Activity
Each line of the material must be reproduced exactly; pictures stay out.

** Opening Data below block **

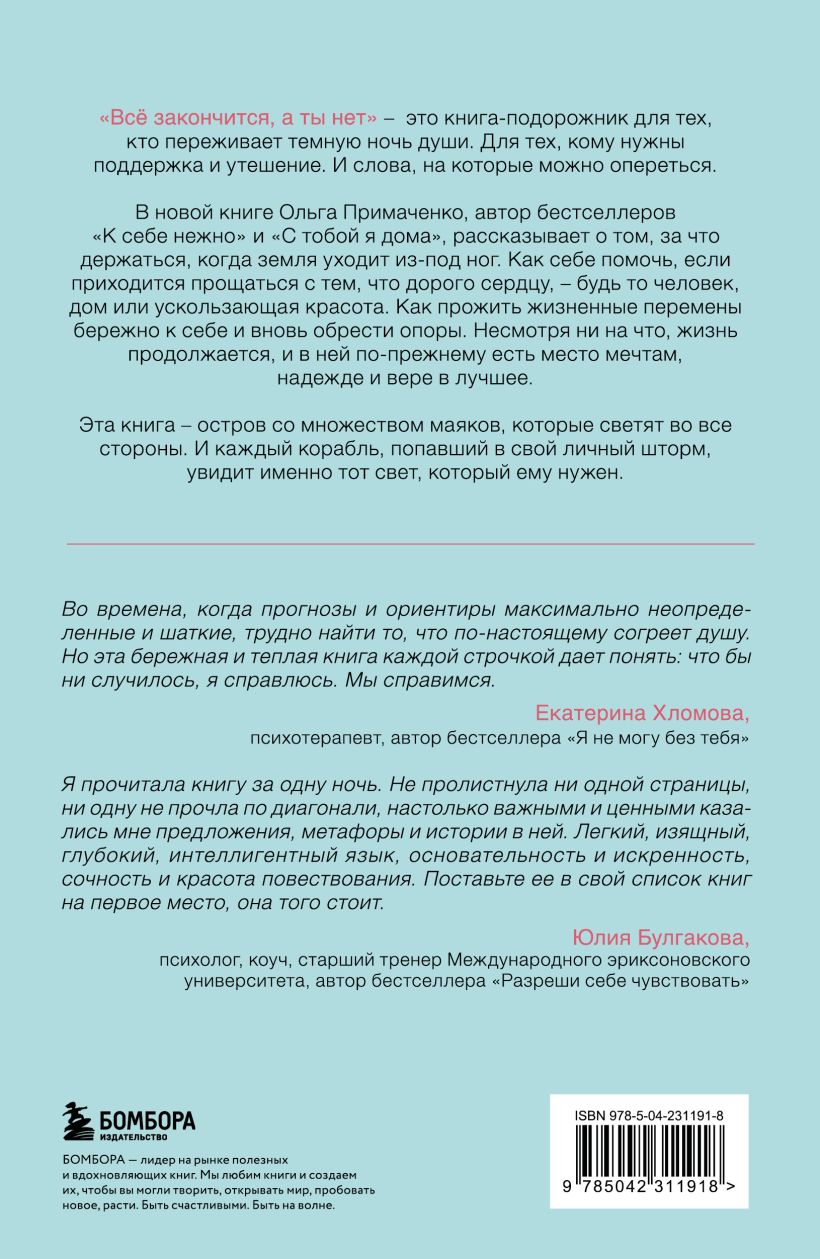«Всё закончится, а ты нет» ─ это книга-подорожник для тех, кто переживает темную ночь души. Для тех, кому нужна поддержка и утешение. И слова, на которые можно опереться.
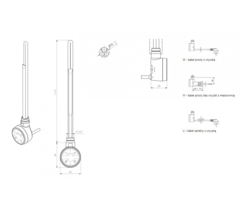 ТЕН для сушки для рушників Terma Moa 600 Вт прихований монтаж кабелю хром WEMOA06TCROM
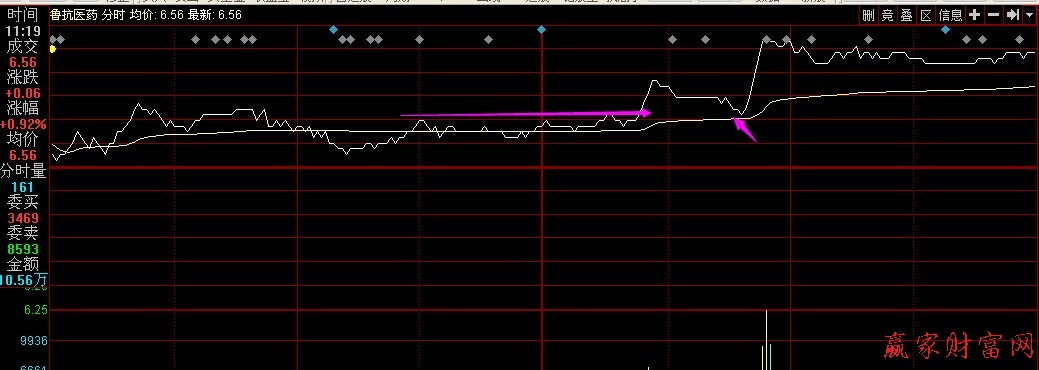 這里的平臺突破包含以下特征:股票的價格在某一位置盤整超過半小時;同時股票價格的走勢貼著均價線的走勢,兩者大致處于同一水平線上,這時候股票波動幅度比較小;這時候均價線也是基本上呈一水平線,幾乎沒有波動;均價線向上越過平臺的最高點后買入。比如2014年9月18日魯抗醫藥(600789)的分時圖。
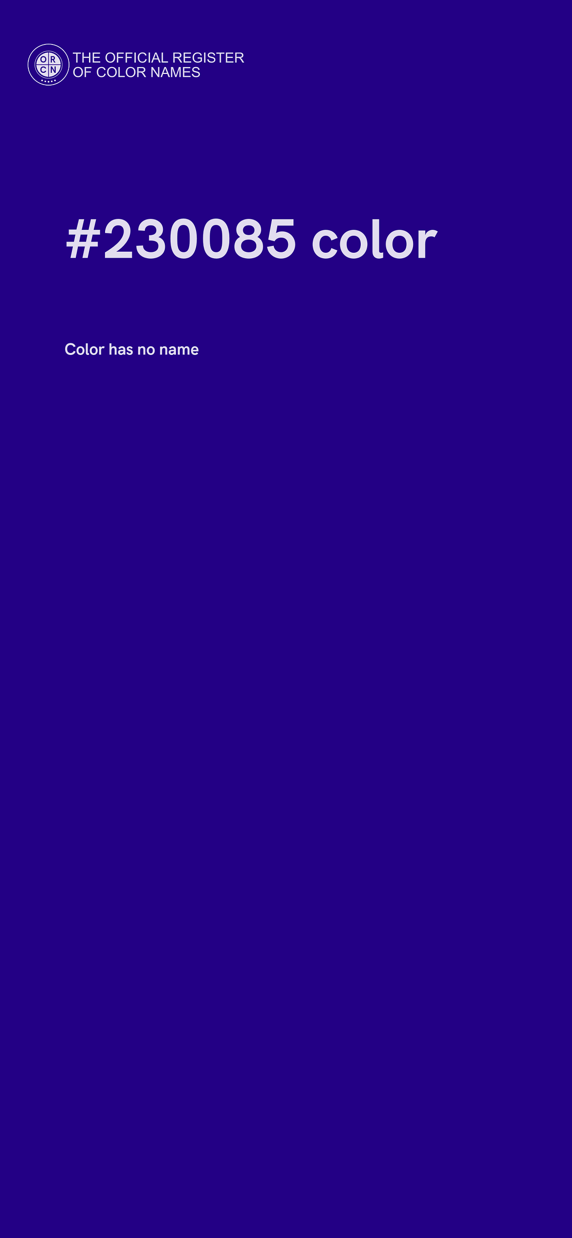 The digital color HEX #230085 belongs to the Violet Color Family featuring Full Saturation (Saturation Family) and Neutral (Brightness Family).

** Closing Data below block **

Answer to this exercise
«Всё закончится, а ты нет» ─ это книга-подорожник для тех, кто переживает темную ночь души. Для тех, кому нужна поддержка и утешение. И слова, на которые можно опереться.
 ТЕН для сушки для рушників Terma Moa 600 Вт прихований монтаж кабелю хром WEMOA06TCROM
 這里的平臺突破包含以下特征:股票的價格在某一位置盤整超過半小時;同時股票價格的走勢貼著均價線的走勢,兩者大致處于同一水平線上,這時候股票波動幅度比較小;這時候均價線也是基本上呈一水平線,幾乎沒有波動;均價線向上越過平臺的最高點后買入。比如2014年9月18日魯抗醫藥(600789)的分時圖。
 The digital color HEX #230085 belongs to the Violet Color Family featuring Full Saturation (Saturation Family) and Neutral (Brightness Family).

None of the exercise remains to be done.